== DATA TO USE ==
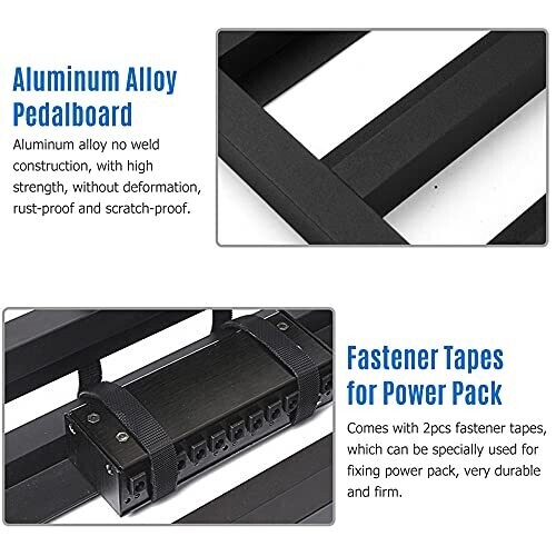 A large aluminum alloy pedal board designed for serious players, offering sturdy support and a premium stage look. Lightweight and portable, with a 15° incline, frosted surface, fastener tapes, and a 600D padded carrying bag for safe transport.
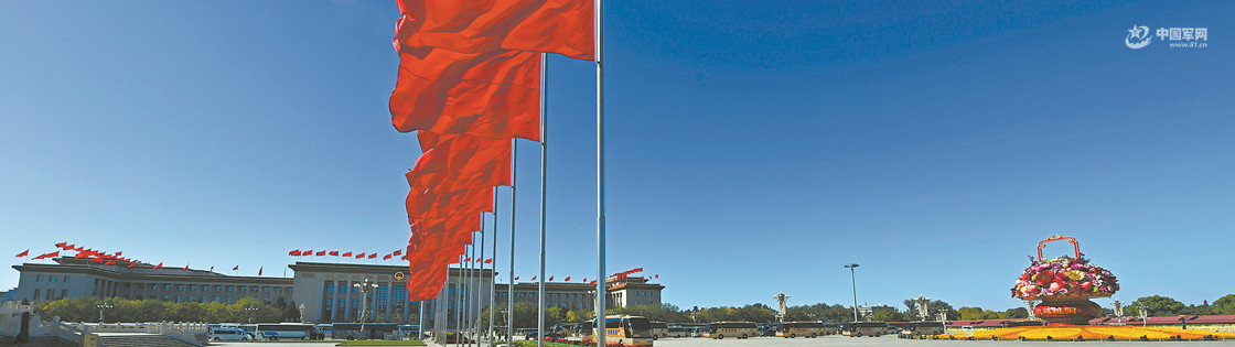 10月22日,中国共产党第二十次全国代表大会胜利闭幕。天安门广场红旗飘扬、花团锦簇,洋溢着喜庆氛围。解放军报记者 穆瑞林摄
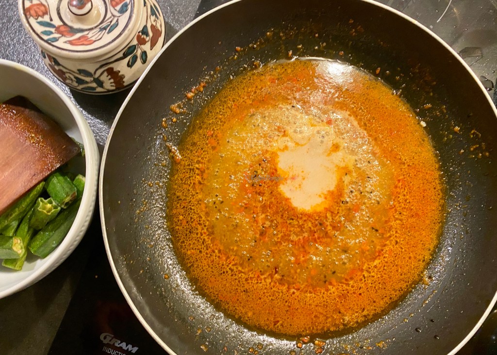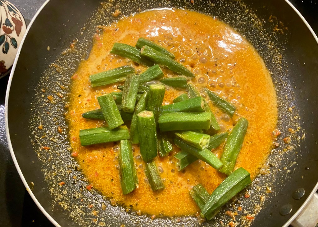 After adding water, I covered the pan with a lid and let them simmer in low heat. It depends on you how much gravy or how dry you want the dish. I like mine pretty dry, so I let the okra simmer for more than 5minutes.
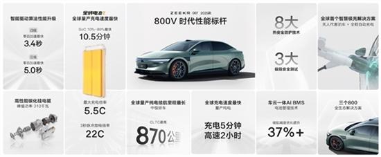 当前,极氪007的价格为20.99万起,极氪007采用800V高压平台。
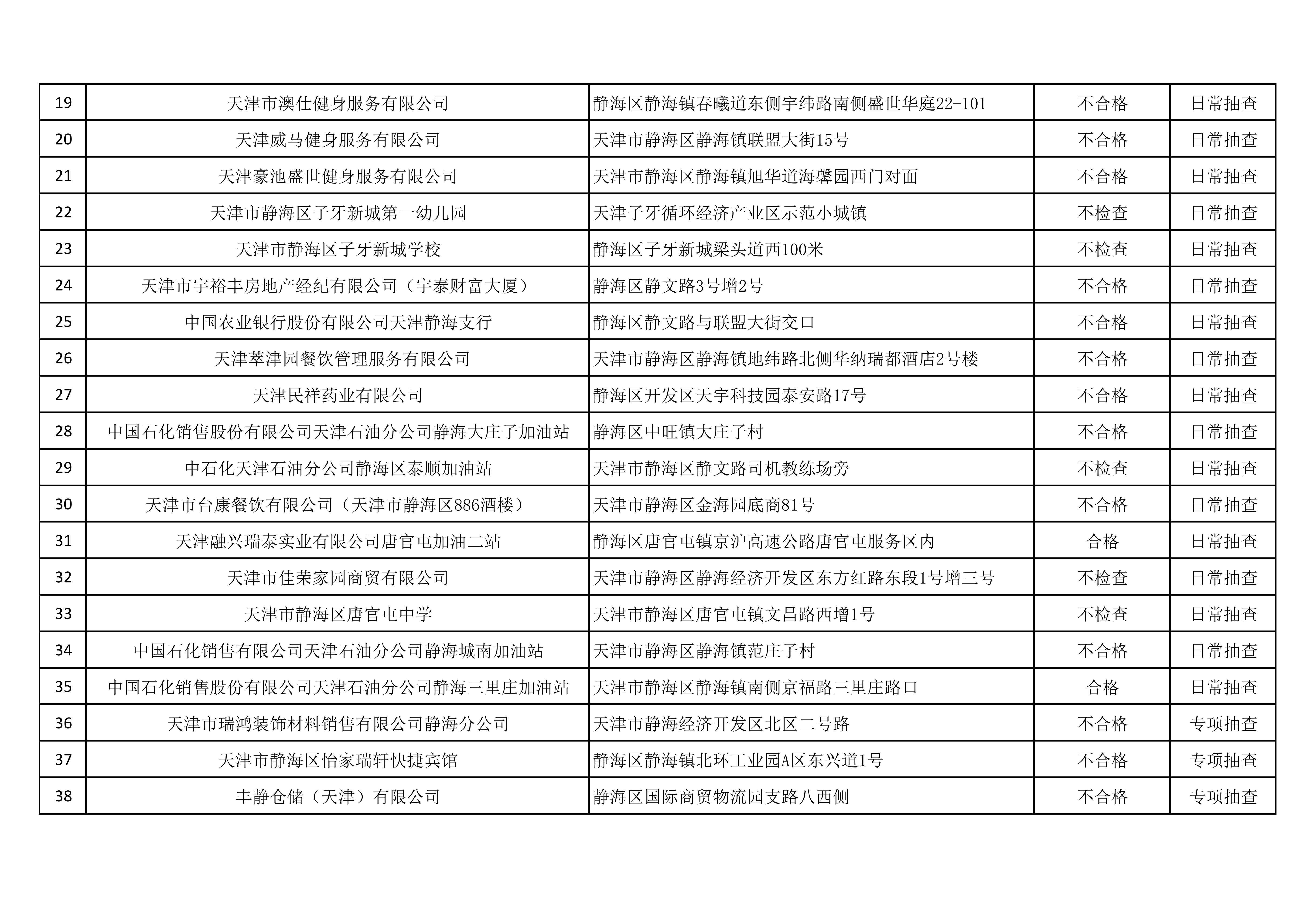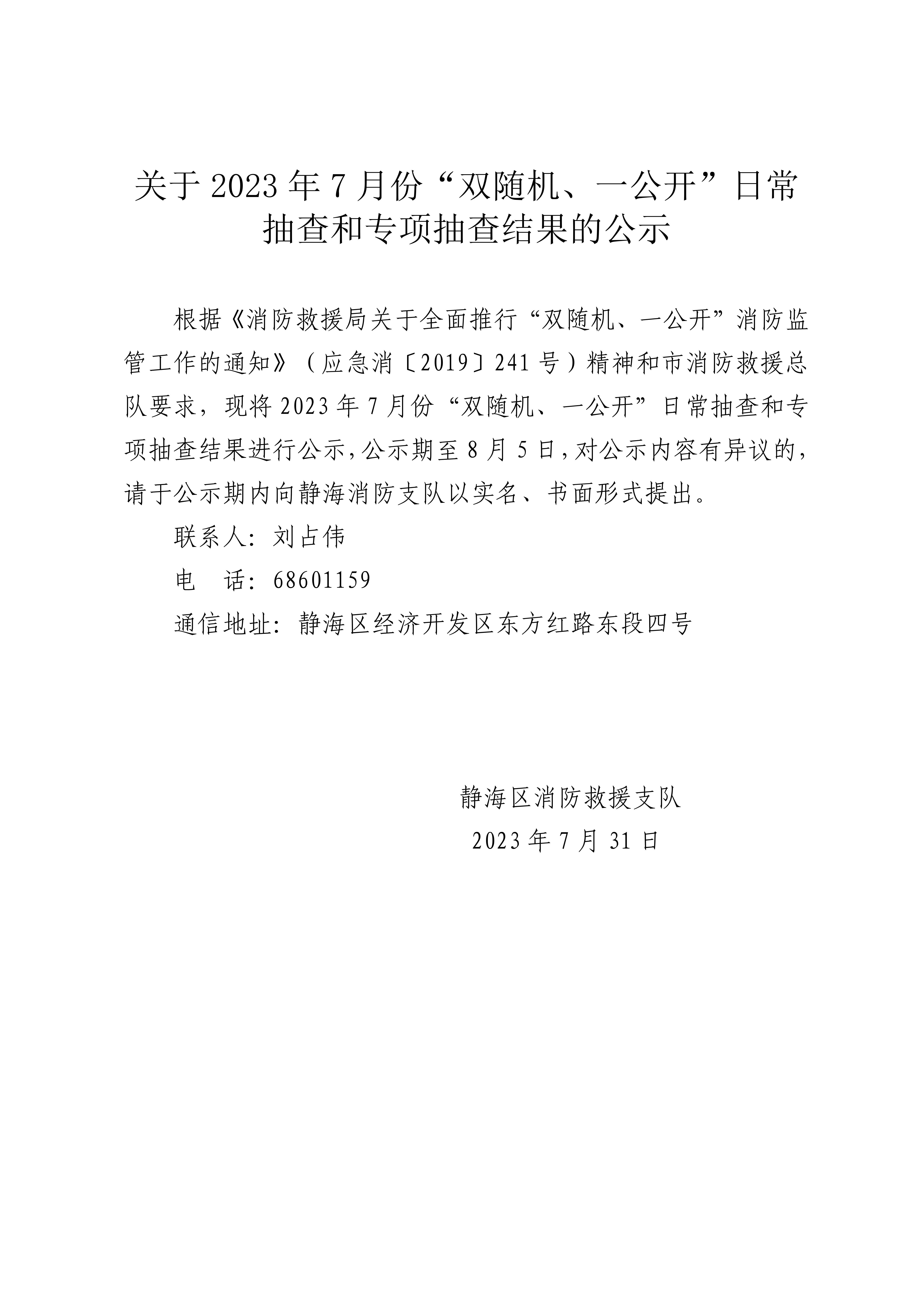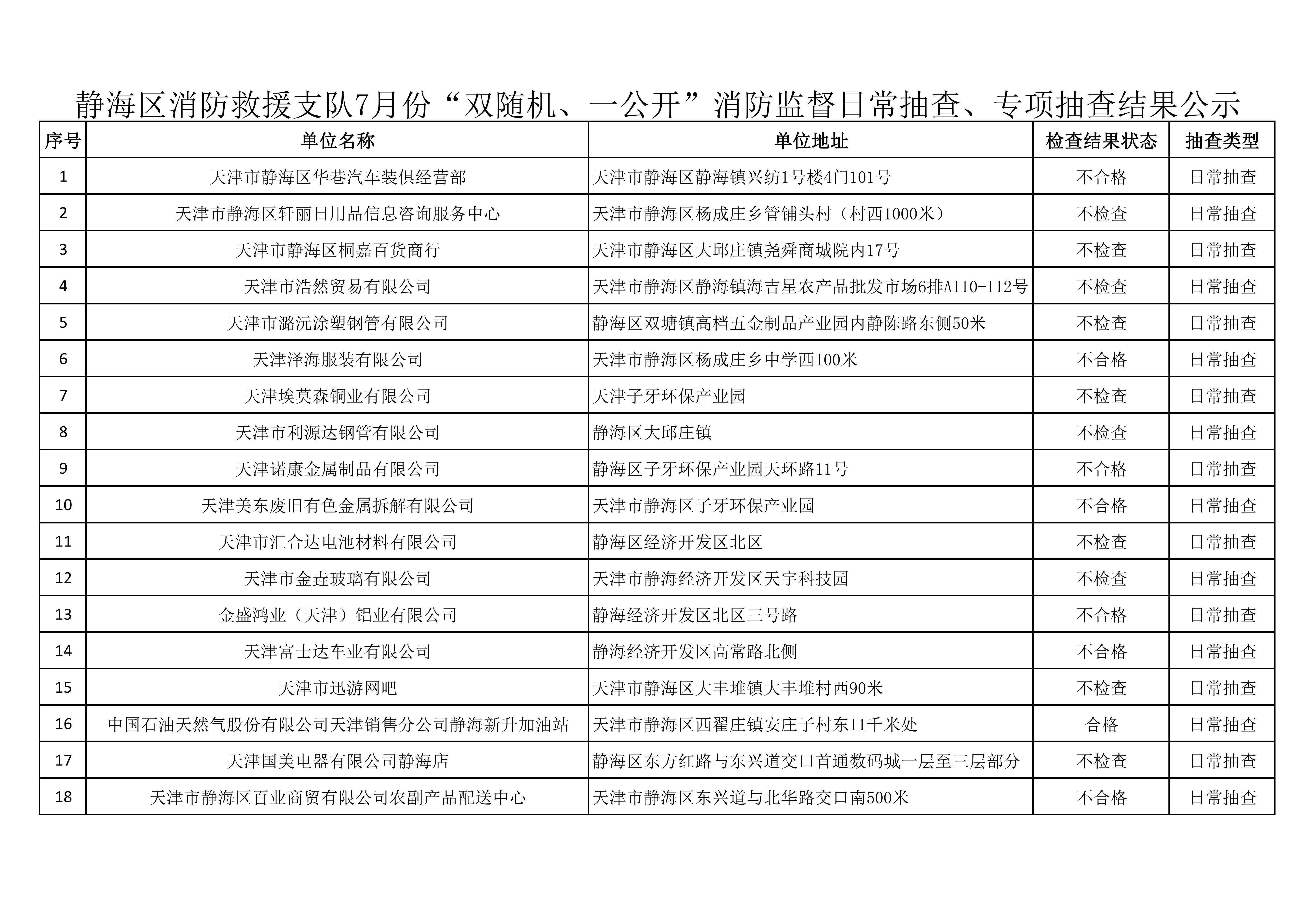 关于7月份“双随机、一公开”消防监督日常抽查、专项抽查结果的公示
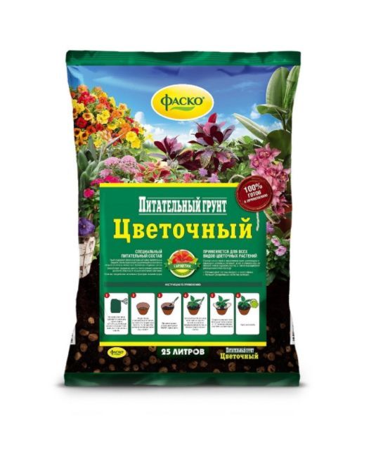 ФАСКО Грунт для цветов Цветочный 25л Идеальное соотношение питательных веществ в легкодоступной форме Способствует развитию корневой системы Не содержит патогенной микрофлоры Не содержит жизнеспособных семян сорняков Эффективность подтверждена тестами Рекомендуется профессиональными цветоводами Описание Грунт для цветов Фаско Цветочный является экологически чистым и питательным грунтом, который полностью готов к эксплуатации. Основа состоит из качественного торфа с добавлением всех необходимых минеральных удобрений. Благодаря пропорциональному и особому составу, данный грунт способен обеспечить здоровый и активный рост растениям, стимулировать прорастание семян, а также повысит их устойчивость к болезням! Рекомендации по применению Для выращивания и пересадки цветов, а также для посадки луковичных растений в открытый грунт. Состав Верховой торф, низинный торф, песок, известняковая (доломитовая) мука, комплексное минеральное удобрение с микроэлементами.
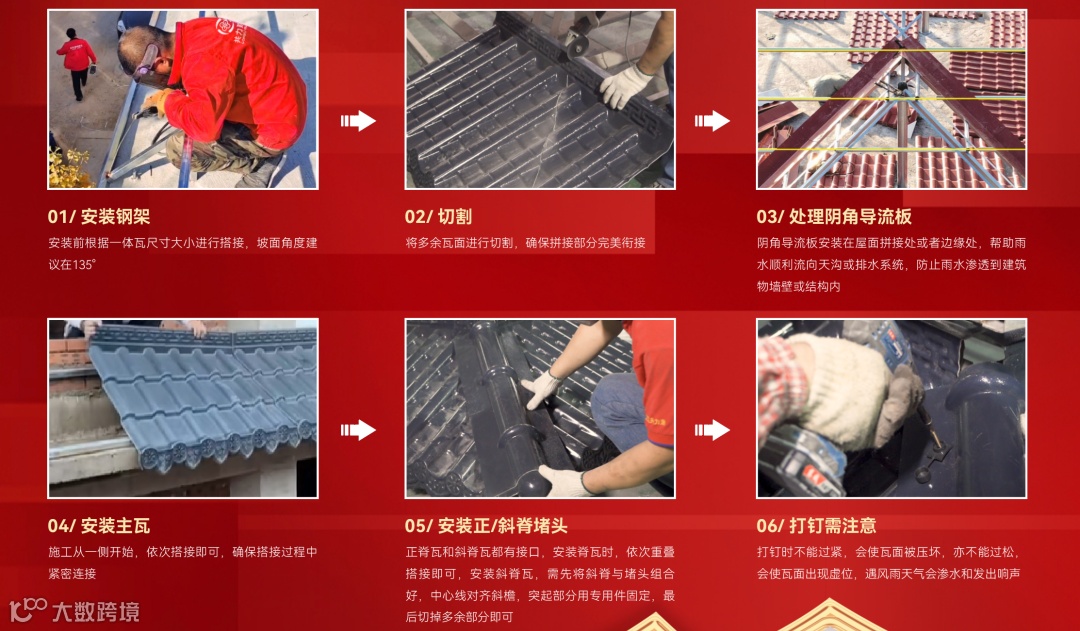 安装前一体瓦尺寸大小进行搭接,坡面角度建议在135°;
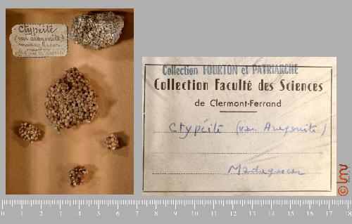| Commentaire : | Var. Aragonite - Offert par M. Lacroix - Collection Fourton et Patriarche |

== TASK OBJECTIVE ==
Quote the material exactly. Pictures stay out.

== TASK RESPONSE ==
 A large aluminum alloy pedal board designed for serious players, offering sturdy support and a premium stage look. Lightweight and portable, with a 15° incline, frosted surface, fastener tapes, and a 600D padded carrying bag for safe transport.
 10月22日,中国共产党第二十次全国代表大会胜利闭幕。天安门广场红旗飘扬、花团锦簇,洋溢着喜庆氛围。解放军报记者 穆瑞林摄
 After adding water, I covered the pan with a lid and let them simmer in low heat. It depends on you how much gravy or how dry you want the dish. I like mine pretty dry, so I let the okra simmer for more than 5minutes.
 当前,极氪007的价格为20.99万起,极氪007采用800V高压平台。
 关于7月份“双随机、一公开”消防监督日常抽查、专项抽查结果的公示
 ФАСКО Грунт для цветов Цветочный 25л Идеальное соотношение питательных веществ в легкодоступной форме Способствует развитию корневой системы Не содержит патогенной микрофлоры Не содержит жизнеспособных семян сорняков Эффективность подтверждена тестами Рекомендуется профессиональными цветоводами Описание Грунт для цветов Фаско Цветочный является экологически чистым и питательным грунтом, который полностью готов к эксплуатации. Основа состоит из качественного торфа с добавлением всех необходимых минеральных удобрений. Благодаря пропорциональному и особому составу, данный грунт способен обеспечить здоровый и активный рост растениям, стимулировать прорастание семян, а также повысит их устойчивость к болезням! Рекомендации по применению Для выращивания и пересадки цветов, а также для посадки луковичных растений в открытый грунт. Состав Верховой торф, низинный торф, песок, известняковая (доломитовая) мука, комплексное минеральное удобрение с микроэлементами.
 安装前一体瓦尺寸大小进行搭接,坡面角度建议在135°;
| Commentaire : | Var. Aragonite - Offert par M. Lacroix - Collection Fourton et Patriarche |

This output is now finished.